I know a man who was so abusive, his wife was given a gun permit and told by a judge to move far, far away. She moved, but I could not help but thinking how fucked up that was. Had there been social consequences in place, that man may not have gotten off scot free while his wife had to completely move house out of fear for her life. Legally.
This kind of allowing creates huge cracks for people to fall into. It's legal to be an asshole, or an abuser. Abusers have rights to their children, rights to harass, rights to abuse. They often gain the right to shut you up if you tell the truth about them. They reserve the right to hurt you, take from you, lie about you, and look like a saint while doing it. Your rights to being, to being a human, are summarily dismissed.
Altruism is more possible in a culture that embraces nonviolence as a way to address its problems. Nonviolence naturally calls for having empathy and thinking about the good of the group, and then acting on their behalf. Altruism, expressed as nonviolence, is anti-narcissism. It does not create scapegoats, it is not afraid of using conflict for social renewal, and it is not afraid to deal with the truth. In fact, it does not tolerate lies. 

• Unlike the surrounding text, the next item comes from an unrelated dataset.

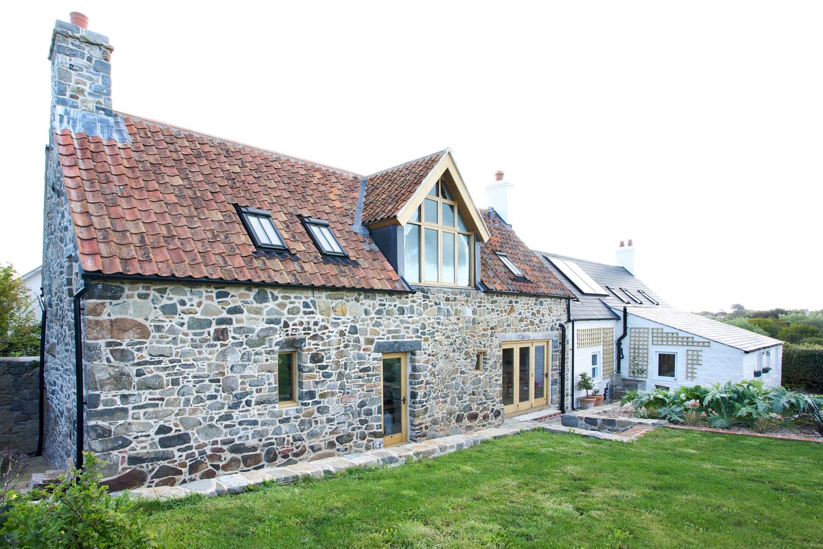 The road-facing elevation was reinstated in traditional form, with original openings reopened and a new clay pantile roof. In contrast, the garden elevation adopted a more contemporary approach, maximising light, views and the south-west orientation. Internally, historic features were retained and the fireplace reconstructed.
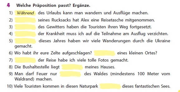 Приклад запитання: ... des Urlaubs kann man wandern und Ausflüge machen.

 There is much to be said about how our culture structurally supports narcissism, but I think the crux of my message today is simply to think for yourself. Narcissists don't think FOR themselves, they think ABOUT themselves. They unquestioningly hold to their entitlement track, their judgments impaired by a compulsion to control rather than to truly think, and in this culture, they get plenty of reinforcement for their incongruent, inconsistent, and dishonest behavior. If you are moving against others, you are moving against yourself, for our social life is paramount to our happiness and good feelings about ourselves. Treating our fellow man with compassion, altruism as a way of life, and questioning structures in order to become more community minded and relationally oriented are all anti-narcissism.